This will be simplified by extracting out much of this logic into a function.

Tables can contain HTML entities as well.


   | col name one | col name two |
   |–|–|
   | A non–entity / | Some entities – ' |
   | < More entities > | "And I quote..." |
   


   <table class="table is–hoverable">
   <thead>
   <tr>
   <th> col name one </th>
   <th> col name two </th>
   </tr>
   </thead>
   <tbody>
   <tr>
   <td> A non–entity / </td>
   <td> Some entities – ' </td>
   </tr>
   <tr>
   <td> < More entities > </td>
   <td> "And I quote..." </td>
   </tr>
   </tbody>
   </table>
   


   === RUN   TestConvertMarkdownFileToBlogHTML
       main_test.go:226: TestConvertMarkdownFileToBlogHTML test number: 38
           Test name: a table with html entities should have them replaced
           expected:
           <table class="table is–hoverable">
           <thead>
           <tr>
           <th> col name one </th>
           <th> col name two </th>
           </tr>
           </thead>
           <tbody>
           <tr>
           <td> A non–entity / </td>
           <td> Some entities – ' </td>
           </tr>
           <tr>
           <td> < More entities > </td>
           <td> "And I quote..." </td>
           </tr>
           </tbody>
           </table>
           but got:
           <table class="table is–hoverable">
           <thead>
           <tr>
           <th> col name one </th>
           <th> col name two </th>
           </tr>
           </thead>
           <tbody>
           <tr>
           <td> A non–entity / </td>
           <td> Some entities – ' </td>
           </td>
           </tr>
           <td> < More entities > </td>
           <td> "And I quote..." </td>
           </tr>
           </tbody>
           </table>
   ––– FAIL: TestConvertMarkdownFileToBlogHTML (0.00s)
   

There's an additional </td> coming from somewhere, and one–too–few <tr> tags.

For the first, let's try removing the </tr> included when a new line character is found.


   for numOfConsecutiveNewLines < 2 {
       nextR, _, err = br.ReadRune()
       if err == io.EOF {
          break
       }
       if err != nil {
          log.Fatal("unable to read next rune:", err)
       }
       if nextR == '\n' {
          sb.WriteRune('\n')
          numOfConsecutiveNewLines++
       } else {
   


   === RUN   TestConvertMarkdownFileToBlogHTML
       main_test.go:226: TestConvertMarkdownFileToBlogHTML test number: 38
           Test name: a table with html entities should have them replaced
           expected:
           <table class="table is–hoverable">
           <thead>
           <tr>
           <th> col name one </th>
           <th> col name two </th>
           </tr>
           </thead>
           <tbody>
           <tr>
           <td> A non–entity / </td>
           <td> Some entities – ' </td>
           </tr>
           <tr>
           <td> < More entities > </td>
           <td> "And I quote..." </td>
           </tr>
           </tbody>
           </table>
           but got:
           <table class="table is–hoverable">
           <thead>
           <tr>
           <th> col name one </th>
           <th> col name two </th>
           </tr>
           </thead>
           <tbody>
           <tr>
           <td> A non–entity / </td>
           <td> Some entities – ' </td>
           </tr>
           <td> < More entities > </td>
           <td> "And I quote..." </td>
           </tr>
           </tbody>
           </table>
   ––– FAIL: TestConvertMarkdownFileToBlogHTML (0.00s)
   

That seems to have solved it, and removed some redundancy.

Just a little further down in the code there is a check to add a new <td> if the last character was \n.

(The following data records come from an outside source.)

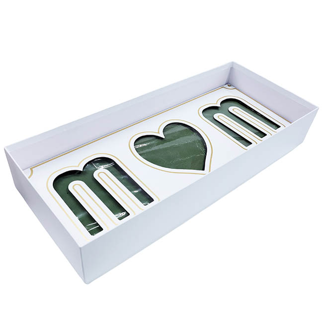 It features a white base, a white and gold cut-out insert, a white lid, and a clear tray with foam. The base holds a plastic tray with floral foam, topped with a cardboard insert featuring the white "M heart M" cut-out with gold decorative trim. The insert is adorned with a gold border for an extra touch of elegance.
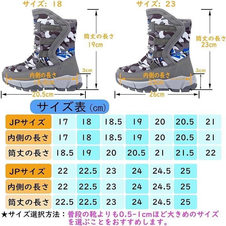 内側が厚めの保温素材のため、運動靴より1サイズ大きめの選択をお勧めします。
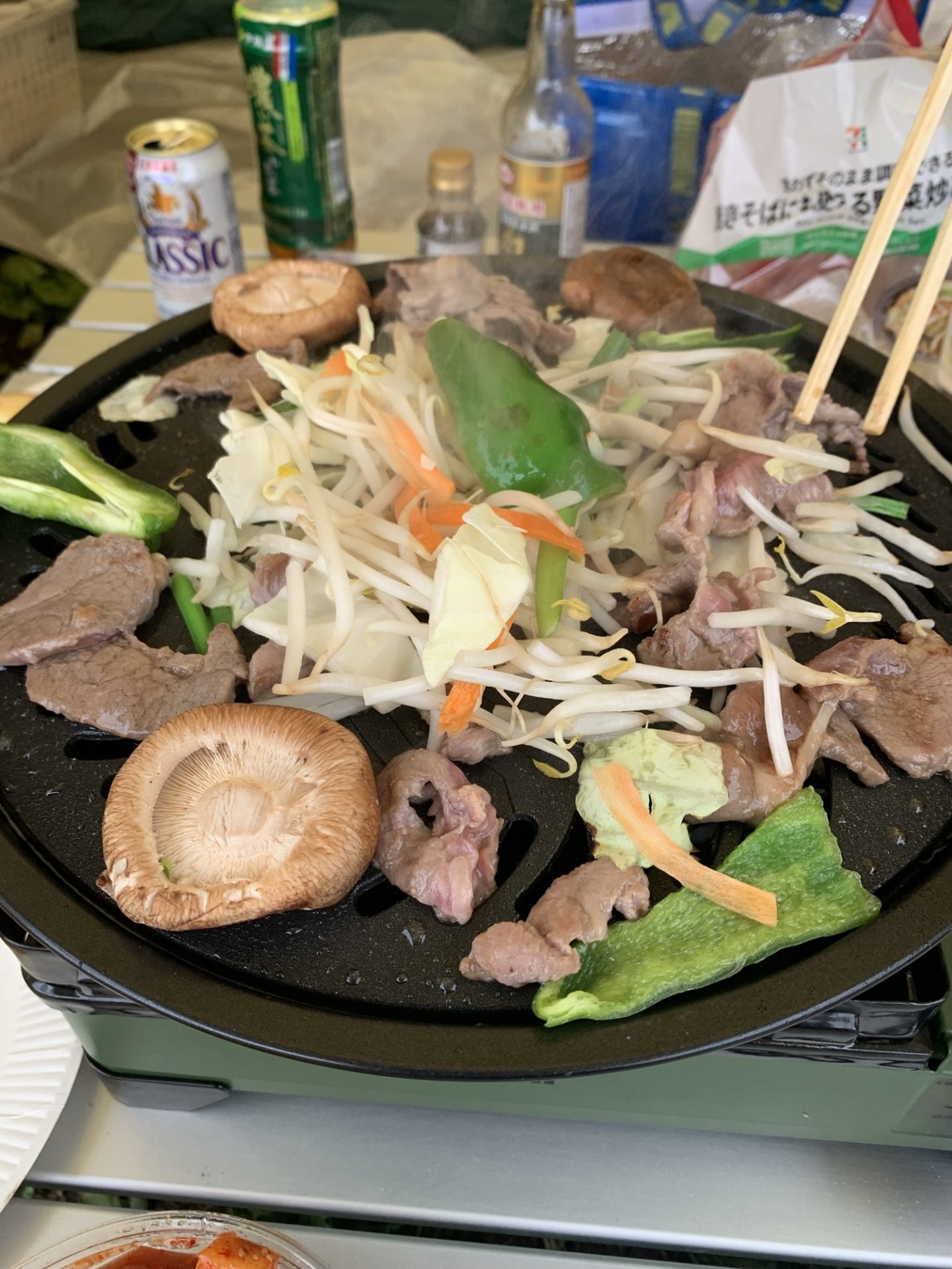 そして一発目のつまみはジンギスカン。イワタニの焼肉プレートで肉を焼きます。牧草地の草の香りと、ほんのり冷えた風が切り替わる中で、熱々の肉を頬張る。ラムの脂がじゅわっと広がり、煙とともに広がる香ばしさに、キャンプ感が一気に高まる。ビール片手に、自然の中で食べるジンギスカンは、まさに格別。

This should also include a <tr> as a new table row starts after a single new line character.


   for numOfConsecutiveNewLines < 2 {
       nextR, _, err = br.ReadRune()
       //...
   
       } else {
          if numOfConsecutiveNewLines == 1 {
             sb.WriteString("<tr>")
             sb.WriteRune('\n')
             sb.WriteString("<td>")
   


   === RUN   TestConvertMarkdownFileToBlogHTML
   ––– PASS: TestConvertMarkdownFileToBlogHTML (0.00s)
   PASS
   

Now what if a table has footnotes? I'll return to this after refactoring the code, as extracting the footnote–translating code into its own functions will make this significantly easier.

Images

One set of items I had forgotten to account for in the initial grammar were images.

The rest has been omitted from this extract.